90 billion euros: that is, according to Italy’s farmer association Coldiretti, the estimated turnover of fake Italian products all over the world. From parmesan to pasta achuta, countless are the products that pretend to be Italian but are not Made in Italy at all.
Defined as “Italian sounding”, these products are marketed using brand names, images and color combinations evocative of Italy. Although some might argue that this extra “visibility” supports the growth of authentic Italian exports, the truth is that this is still worth half of the Italian sounding one. 

Fake Italian products do not add value to the sector: they gravitate in a parallel economy that takes away business opportunities from all the professionals involved. Besides precluding authentic Italian products from enjoying a larger growth in sales – which, in turn, affects the figures of the workforce involved – Italian sounding brands also foster skepticism of consumers, as they are tricked into purchasing poor quality food that clashes with the widespread knowledge about Italian agri-food excellences.   

Although the European Union and Italy decided to state Designations of Origin for the best foods and wines produced in the country, some of the most famous Italian products – like mozzarella and pizza – are not protected by a specific regulation therefore they can be easily copied and produced outside of the country. Even if counterfeiting is legally punishable, Italian sounding products cannot be strictly classified as illegal; yet they represent a significant damage to potential exports of Made in Italy.

In order to protect our products, the introduction of a new certification is being considered; however, a much more structured approach, both from European politics and international diplomats, could really help.

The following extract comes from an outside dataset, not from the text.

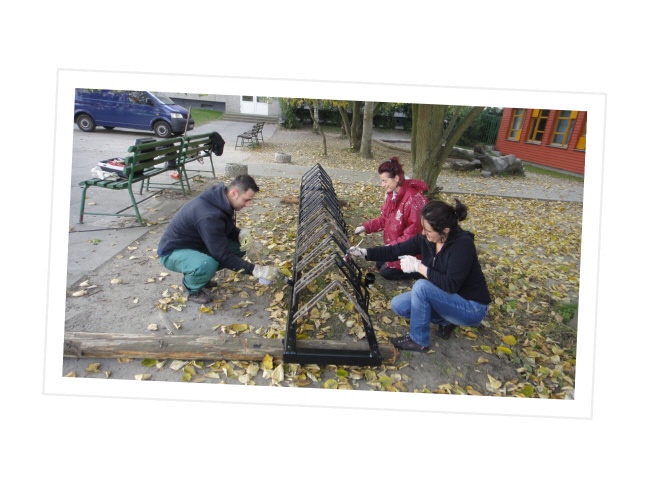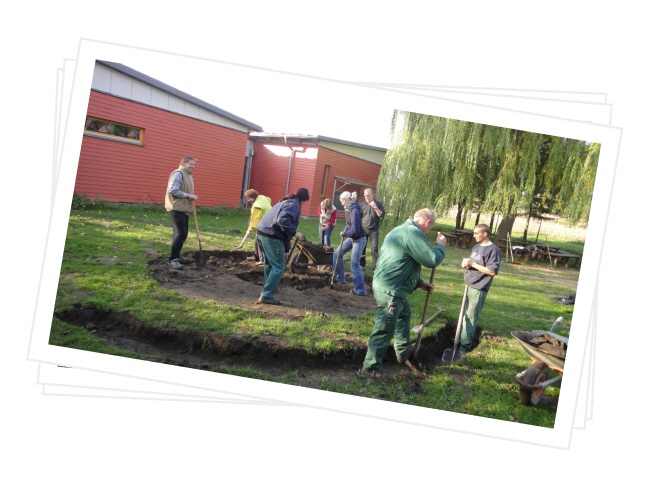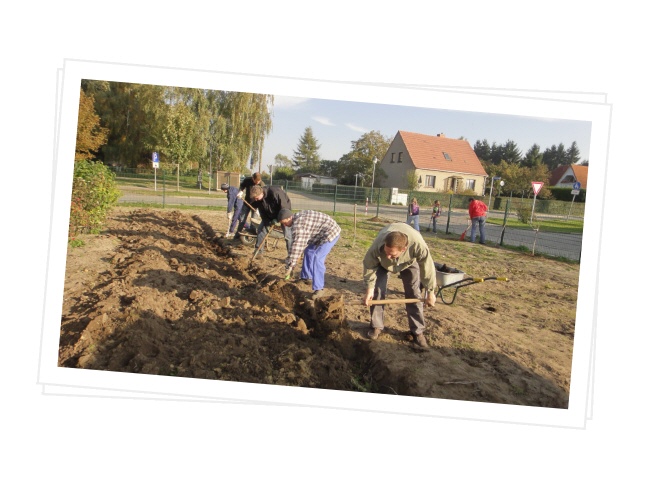 Bei schönem Herbstwetter fanden sich zu unserem ersten Arbeitseinsatz in diesem Schuljahr zahlreiche Eltern und sogar Kinder ein, um unseren Schulhof zu verschönern. Da wurden die Fahrradständer gemalert, neue Sitzgelegenheiten geschaffen, der Weidentunnel geflochten, im Schulgarten Mist untergegraben, Sträucher gepflanzt und die Arbeiten für eine Freilichtbühne begonnen. Selbst die Kinder waren mit Eifer dabei. Am Ende konnten alle Beteiligten nach drei Stunden fleißiger Arbeit feststellen, dass wir wieder ein Stückchen weitergekommen sind, um einen Schulhof zu schaffen, auf dem sich die Kinder gern aufhalten und in den Pausen gut erholen können. Unser Dank gilt allen beteiligten Eltern, Frau Dietrich, die den Stalldung organisierte, und der Landschaftsgestalterin Frau Tischer, die die Errichtung der Freilichtbühne nach unseren Wünschen plant, leitet und durchführt.

Declaring illegal all those products that try to imitate Italian specialties would be possible by stipulating bilateral agreements between the European Union and the countries that are strategic markets for our exports. 

If there is already a treaty with Canada, which protects 160 Italian products with the PDO and PGI brands, with the United States a bilateral agreement has never been stipulated. The most challenging market is still the Chinese one even if, after long negotiations, it has recently welcomed certified rice from a selection of Italian companies.